====== SOURCE MATERIAL ======

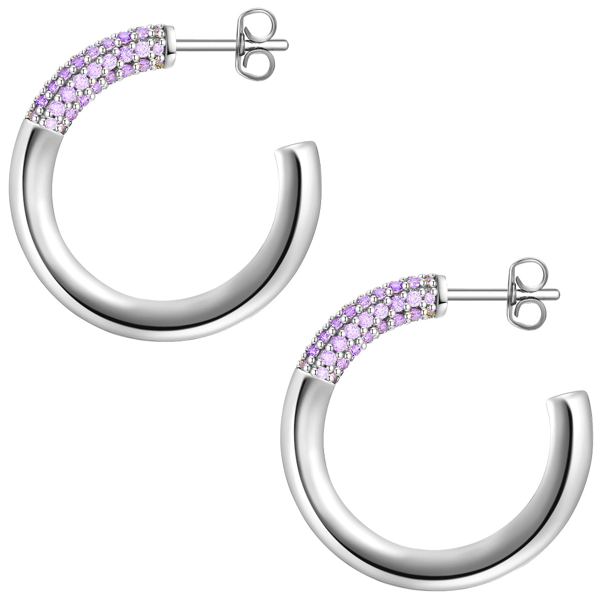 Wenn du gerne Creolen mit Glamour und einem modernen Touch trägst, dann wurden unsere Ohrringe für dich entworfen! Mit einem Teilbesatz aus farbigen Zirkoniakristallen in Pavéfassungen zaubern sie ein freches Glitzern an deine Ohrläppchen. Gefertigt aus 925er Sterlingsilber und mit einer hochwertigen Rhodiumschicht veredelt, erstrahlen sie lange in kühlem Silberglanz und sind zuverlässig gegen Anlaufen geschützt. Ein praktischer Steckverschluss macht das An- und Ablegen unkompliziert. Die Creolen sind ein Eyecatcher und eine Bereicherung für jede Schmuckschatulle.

======
====== SOURCE MATERIAL ======

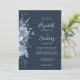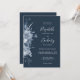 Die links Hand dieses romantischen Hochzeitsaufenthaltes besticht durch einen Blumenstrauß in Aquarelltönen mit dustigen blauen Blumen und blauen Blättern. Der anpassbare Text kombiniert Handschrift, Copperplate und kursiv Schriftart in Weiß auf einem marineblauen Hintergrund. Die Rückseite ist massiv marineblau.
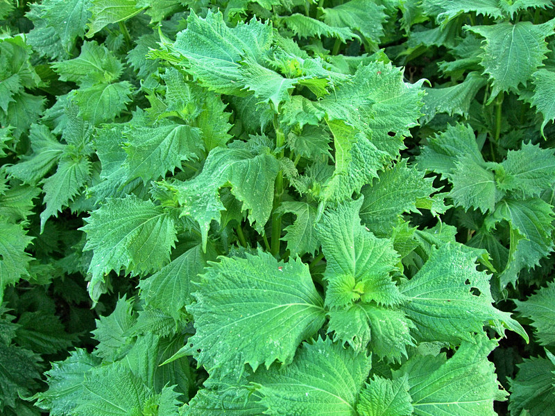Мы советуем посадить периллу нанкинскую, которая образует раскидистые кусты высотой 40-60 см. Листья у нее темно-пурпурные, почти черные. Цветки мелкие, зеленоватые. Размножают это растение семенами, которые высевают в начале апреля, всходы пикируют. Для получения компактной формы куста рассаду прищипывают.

======
====== SOURCE MATERIAL ======

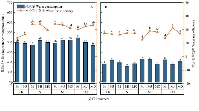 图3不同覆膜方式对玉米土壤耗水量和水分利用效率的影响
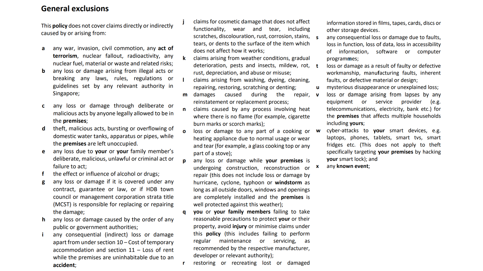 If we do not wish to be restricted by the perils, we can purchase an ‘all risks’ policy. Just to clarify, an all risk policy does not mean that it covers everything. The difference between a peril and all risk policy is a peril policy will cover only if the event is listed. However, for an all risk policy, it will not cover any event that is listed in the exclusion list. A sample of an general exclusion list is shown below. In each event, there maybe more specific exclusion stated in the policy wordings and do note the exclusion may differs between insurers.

======

Print from the line containing "图3不同覆膜方式对玉米土壤耗水量和水分利用效率的影响" through the line containing "If we do not" in the data above, exactly as the lines stand, and omit every picture.

RESPONSE AREA »
 图3不同覆膜方式对玉米土壤耗水量和水分利用效率的影响
 If we do not wish to be restricted by the perils, we can purchase an ‘all risks’ policy. Just to clarify, an all risk policy does not mean that it covers everything. The difference between a peril and all risk policy is a peril policy will cover only if the event is listed. However, for an all risk policy, it will not cover any event that is listed in the exclusion list. A sample of an general exclusion list is shown below. In each event, there maybe more specific exclusion stated in the policy wordings and do note the exclusion may differs between insurers.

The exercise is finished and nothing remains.